Master thesis on “Reinforcement learning with kernelized movement primitives”

Supervisor: Prof. Ville Kyrki (
Advisors: Dr. Fares J. Abu-Dakka (, Karol Arndt (

Keywords: kernelized movement primitives, reinforcement learning, robot learning and manipulation, learning from demonstration.

Project description

Current reinforcement learning techniques for performing robotic tasks suffer from two main shortcomings: low sample efficiency and potentially unsafe exploration.Attempting to learn even a simple task from scratch requires a huge amount of training data and poses a risk that the robot could, for example, hit a table or a wall with high velocity, effectively destroying itself and the environment.
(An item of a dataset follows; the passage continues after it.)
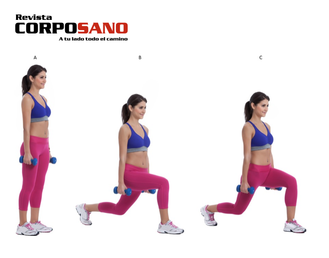 Ejercicio 2: Lunge (desplantes) con mancuerna. De pie con tus piernas separadas a la altura de tus hombros. Toma unas mancuernas en cada una de tus manos. Da un paso al frente con tu pierna derecha, flexionando tu rodilla hasta que forme un ángulo de 90 grados. Regresa a la posición inicial y alterna tu pierna derecha e izquierda.
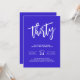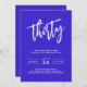 It's time to party to celebrate a 30th birthday bash with this modern and bold birthday party invitation. Let your friends and family know to save the date for this milestone event so they can join in the fun. This stylish invitation has an electric blue background with white handwritten script accents blended with a bold modern font pairing. Personalize the text template with your details and party with pizzazz!

To partially address these problems, robot learning often relies on skill models, i.e.,models used to represent motions performed by the robot. In reinforcement learning,the models can be used to constrain and guide the exploration. Dynamic movement primitives (DMP) and Gaussian mixture models (GMM) provide a feedback controller for a skill. Those models have been widely used for robot skill modelling and multiple extensions for the methods have been proposed to address different issues with the basic methods.

Kernelized movement primitive (KMP) is a new probabilistic formulation which focuses on providing flexibility to adapt demonstrated trajectories to new situation.Moreover, KMP provide the possibility for the new trajectory to pass through new start-/end-/via-points, that can be defined by the user. Unlike DMP, KMP is capable of handling high dimensional input. The adaptation process facilitates trajectory extrapolation to new goals. This method shown promising results in a few-shot learning from demonstration scenario.

The goal of this thesis is to integrate KMP with reinforcement learning to provide an automatic adaptation approach to adapt the trajectory and goal in order to optimize a desired task.


  • Review of relevant state-of-the-art literature;
  • Integrate KMP with reinforcement learning for an automatic adaptation;
  • Implementation of relevant algorithms;
  • Selecting/designing appropriate evaluation setups;
  • Evaluating the method on a physical robot.

Practical information

Prerequisites: Basics of reinforcement learning, Python, Linux.
Suggested tools: C++, Matlab, or PyTorch; MuJoCo or VRep; ROS.
Platform: Franka Panda robotic arm.
Start: Available immediately


[1] Yanlong Huang, Leonel Rozo, João Silvério and Darwin G. Caldwell, Kernelized Movement Primitives, International Journal of Robotics Research, 38(7), pp.833-852, 2019.
[2] Yanlong Huang, Fares J. Abu-Dakka and João Silvério, Darwin G. Caldwell, Towards Orientation Learning and Adaptation in Cartesian Space, IEEE Transactions on Robotics, 2020.
[3] Freek Stulp and Olivier Sigaud, Policy Improvement Methods: Between Black-BoxOptimization and Episodic Reinforcement Learning, JFPDA 2013.
[4] John Schulman, Filip Wolski, Prafulla Dhariwal, Alec Radford and Oleg Klimov, Proximal Policy Optimization Algorithms, arXiv, 2017.